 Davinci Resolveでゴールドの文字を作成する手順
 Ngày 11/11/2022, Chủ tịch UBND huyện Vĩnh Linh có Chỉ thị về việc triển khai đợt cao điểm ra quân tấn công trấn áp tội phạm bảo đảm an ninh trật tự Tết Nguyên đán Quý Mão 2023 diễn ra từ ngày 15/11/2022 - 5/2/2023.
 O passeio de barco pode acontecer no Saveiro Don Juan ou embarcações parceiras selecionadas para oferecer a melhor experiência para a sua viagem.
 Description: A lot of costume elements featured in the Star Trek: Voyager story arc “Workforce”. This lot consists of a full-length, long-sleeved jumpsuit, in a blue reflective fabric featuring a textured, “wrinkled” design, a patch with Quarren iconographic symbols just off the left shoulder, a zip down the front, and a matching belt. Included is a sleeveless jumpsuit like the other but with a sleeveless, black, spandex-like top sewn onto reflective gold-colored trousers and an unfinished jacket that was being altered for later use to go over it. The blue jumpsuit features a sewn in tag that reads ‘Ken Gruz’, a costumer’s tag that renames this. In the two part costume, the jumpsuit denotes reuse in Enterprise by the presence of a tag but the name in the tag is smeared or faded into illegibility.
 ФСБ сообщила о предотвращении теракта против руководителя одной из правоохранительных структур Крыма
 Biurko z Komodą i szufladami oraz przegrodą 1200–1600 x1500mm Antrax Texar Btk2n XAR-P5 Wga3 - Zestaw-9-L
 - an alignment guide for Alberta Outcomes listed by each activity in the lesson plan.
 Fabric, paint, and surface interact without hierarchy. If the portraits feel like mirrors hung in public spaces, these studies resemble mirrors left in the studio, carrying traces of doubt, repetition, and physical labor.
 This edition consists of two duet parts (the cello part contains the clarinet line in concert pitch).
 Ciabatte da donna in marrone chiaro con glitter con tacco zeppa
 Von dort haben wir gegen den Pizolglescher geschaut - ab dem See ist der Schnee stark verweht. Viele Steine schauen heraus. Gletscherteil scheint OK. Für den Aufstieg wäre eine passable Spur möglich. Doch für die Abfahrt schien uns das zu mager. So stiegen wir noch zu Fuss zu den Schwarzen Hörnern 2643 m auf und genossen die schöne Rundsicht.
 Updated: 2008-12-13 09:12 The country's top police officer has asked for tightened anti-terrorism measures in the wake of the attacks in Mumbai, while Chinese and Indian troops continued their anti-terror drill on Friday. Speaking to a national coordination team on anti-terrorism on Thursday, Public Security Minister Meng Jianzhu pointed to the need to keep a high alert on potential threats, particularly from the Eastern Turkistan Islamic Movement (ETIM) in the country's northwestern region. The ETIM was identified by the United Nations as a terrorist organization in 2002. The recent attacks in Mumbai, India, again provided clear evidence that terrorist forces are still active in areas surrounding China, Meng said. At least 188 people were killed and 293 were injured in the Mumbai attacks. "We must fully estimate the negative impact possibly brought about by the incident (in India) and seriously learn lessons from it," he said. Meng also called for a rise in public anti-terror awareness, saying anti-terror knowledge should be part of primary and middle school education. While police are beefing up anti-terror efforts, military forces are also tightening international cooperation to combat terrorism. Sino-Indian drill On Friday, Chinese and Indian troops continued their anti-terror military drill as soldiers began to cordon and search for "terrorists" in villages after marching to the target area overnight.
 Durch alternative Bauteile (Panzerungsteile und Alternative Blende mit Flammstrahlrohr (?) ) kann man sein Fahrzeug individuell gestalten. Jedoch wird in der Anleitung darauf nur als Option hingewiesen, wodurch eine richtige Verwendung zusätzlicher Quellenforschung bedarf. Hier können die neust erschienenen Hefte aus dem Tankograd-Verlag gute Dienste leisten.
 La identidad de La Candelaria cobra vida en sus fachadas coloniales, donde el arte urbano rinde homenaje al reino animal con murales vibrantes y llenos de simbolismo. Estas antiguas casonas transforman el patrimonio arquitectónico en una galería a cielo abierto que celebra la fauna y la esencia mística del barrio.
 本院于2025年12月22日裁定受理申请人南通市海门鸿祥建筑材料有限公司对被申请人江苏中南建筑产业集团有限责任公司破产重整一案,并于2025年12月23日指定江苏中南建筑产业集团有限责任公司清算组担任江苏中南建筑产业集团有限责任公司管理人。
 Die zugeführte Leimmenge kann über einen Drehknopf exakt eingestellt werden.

------------------------------------

Give solely the number of lines in the data that contain the string "kann".

2